Mr. President, with a recognition that this bill is imperfect, and with the firm conviction that this effort is only one step in a much broader effort needed to get this country on the right track to effectively defeat the terrorist forces that have attacked this country, I will vote in favor of the intelligence reform conference report today.

I have tremendous respect for the 9/11 Commission that made the recommendations at the heart of this legislation. Their report was not characterized by an ill-considered rush to simply act, but rather an imperative to act wisely. It was not colored by partisan biases, or tainted by self-deluding rosy scenarios about where we stand as a country. I may not agree with every word in the 9/11 Commission's report, but I strongly agree with the vast majority of it, and I believe that the Commission performed a tremendous service for the American people.

Among the most detailed and thoughtful recommendations of the Commission were those focused on the urgent need for reform of America's intelligence community. By stressing unified effort, and most importantly, accountability, the Commission pointed the way toward the reforms contained in this bill.

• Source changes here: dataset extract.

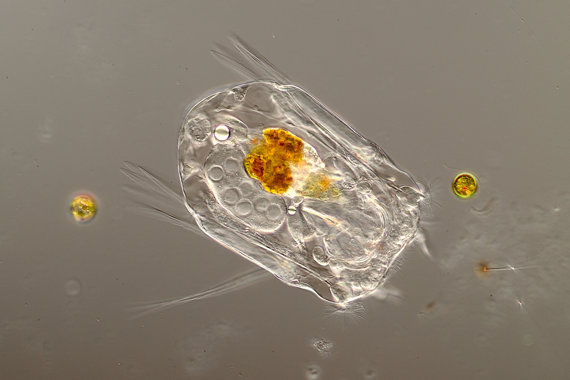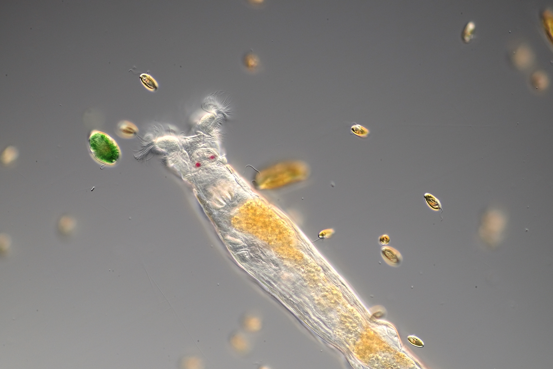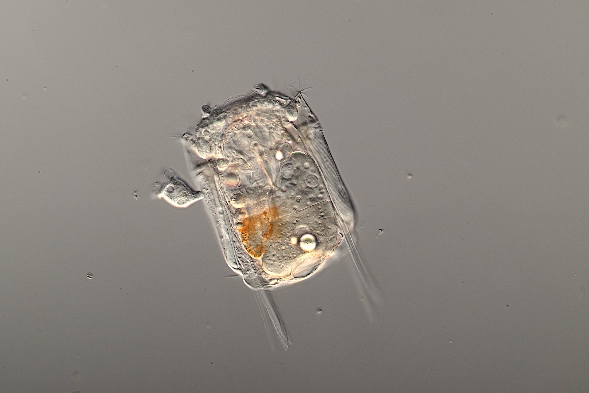 Hier das Rädertierchen mit gierigem Blick auf Nahrungssuche.....

This bill puts someone in charge of America's intelligence community -- someone to be appointed by the President and confirmed by the elected representatives of the American people in the Congress. The Director of National Intelligence will be in charge not simply via title and not only because we reorganized boxes on an organizational chart. This legislation provides real authorities to the DNI in terms of allocating resources, establishing tasking priorities, and ensuring information-sharing to unify our efforts. It is up to the Director to use the powers granted in this bill to make this community function - to make sure that the right people have the right resources and the right priorities, and that they share crucial information with their colleagues.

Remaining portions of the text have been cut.